Любовь — страница 59 из 108

— Надеюсь, да. Во всяком случае, мне было хорошо.

В отблесках света от уличных фонарей пол чуть блестел. В спальне никогда не бывало совсем темно. Или совсем тихо. На улице по-прежнему взрывались петарды, голоса за окном звучали то громче, то тише, проезжали машины, по мере свертывания праздника все чаще.

— Но соседка меня пугает, — сказала Линда. — Мне неуютно жить с ней рядом.

— Понимаю, — сказал я, — только мы мало что можем сделать.

— Это да.

— Гейр считает, что она проститутка.

— Конечно, это понятно. Работает в эскорт-фирме.

— Откуда ты знаешь? — удивился я.

— Это совершенно очевидно.

— Мне нет, — сказал я. — Мне бы такая мысль не пришла в голову даже через сто миллионов лет.

— Ты очень наивный, в этом дело, — сказала Линда.

— Возможно, — сказал я.

— Да-да, еще как.

Она улыбнулась, потянулась и поцеловала меня.

— Спокойной ночи, — сказала она.

— Спокойной ночи, — сказал я.

Мысль, что вообще-то нас в кровати трое, давалась мне с большим трудом. Но на самом деле так и было. Ребенок в животе у Линды уже полностью развился; единственное, что разделяло нас с ним, — полоска кожи и плоти в сантиметр толщиной. Родиться он мог в любой день, и Линда была полностью этому подчинена. Она не бралась ни за что новое, почти не выходила из дома, берегла свой покой, обихаживала себя и свое тело, подолгу лежала в ванне, смотрела в кровати фильмы, дремала и засыпала. Ее состояние походило на анабиоз, но тревога не отпускала ее полностью. Сейчас ее беспокоила моя роль в предстоящем процессе. На курсах подготовки к родам нам рассказывали, как важно роженице и акушерке быть на одной волне, а если вдруг этой тонкой связи между ними не возникает и начинаются трения, то важно сообщить об этом как можно раньше, чтобы успела подключиться другая, возможно более подходящая акушерка. Мужчина во время родов исполняет в основном роль посредника, рассказали нам далее, он лучше всех знает свою женщину, понимает, чего ей хочется в каждый момент, и, поскольку сама женщина занята своим делом, должен донести ее запросы до акушерки. Тут Линда начинала вглядываться в меня. Я говорю по-норвежски, сможет ли акушерка вообще понять мои слова? Я, что еще сложнее, человек неконфликтный и стараюсь никого не обидеть, смогу ли я отказаться от потенциально ужасной акушерки и потребовать новую, невзирая на все сопутствующие конфликту неприятные моменты?

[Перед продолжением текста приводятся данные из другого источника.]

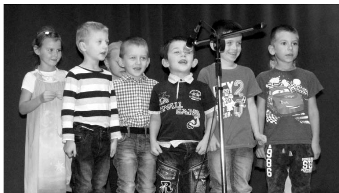
• Deti z materskej školy recitovali, čo im síly stačili. ☺

Hodnotnú a peknú akciu mali členovia miestnej Jednoty dôchodcov v základnej škole pri príležitosti mesiaca úcty k starším a rozvíjania čitateľskej gramotnosti detí. Žiaci prvého stupňa za asistencie učiteľky Viery Jakúbekovej čítali starým mamám rozprávky z čítaniek. V krátkej besede sme rozprávali deťom o tom, aké rozprávky sme si čítali my, keď sme boli deti. I keď na začiatku bola tréma na oboch stranách, nakoniec sme konštatovali, že toto podujatie bolo veľmi kladné a že o rok si ho môžeme zopakovať. Členky JDS ďakujú vedeniu ZŠ i žiakom. (kl)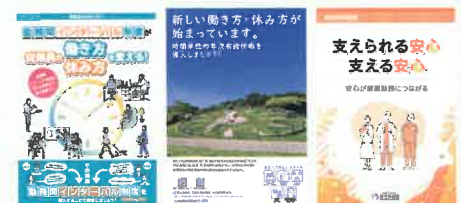
各制度に関するリーフレット(例)

「勤務間インターバル制度」「時間単位の年次有給休暇」「特別な休暇制度」などについて、企業の取組事例の紹介や、リーフレットなどの資料を掲載しています。自社における制度検討の参考にご活用ください。

— Не волнуйся, расслабься, — говорил я, — не думай об этом, все будет хорошо.

Но мои слова ее не успокаивали, я превратился в самое слабое звено. Сумею я хотя бы заказать такси в больницу в нужный момент, так стоял вопрос.

Ситуацию усугубляло то обстоятельство, что в ее словах была доля истины. Любое давление выводит меня из себя. В идеале я хотел бы угодить всем, но, когда ситуация складывается так, что приходится ставить вопрос ребром и переходить в наступление, я испытываю вселенские мучения, хуже этого я не знаю ничего. В последнее время я пережил несколько таких ситуаций у нее на глазах. Эпизод с заклинившей дверью, эпизод на лодке, эпизод с моей мамой. То, что я в порядке компенсации повел себя иначе тогда утром в метро, вмешался в драку, тоже не говорило в мою пользу. Разве я выказал хладнокровие и умение рассуждать здраво? Тем более что я сам знал: мне проще будет, чтобы меня пырнули ножом в подземке, чем выставить вон акушерку.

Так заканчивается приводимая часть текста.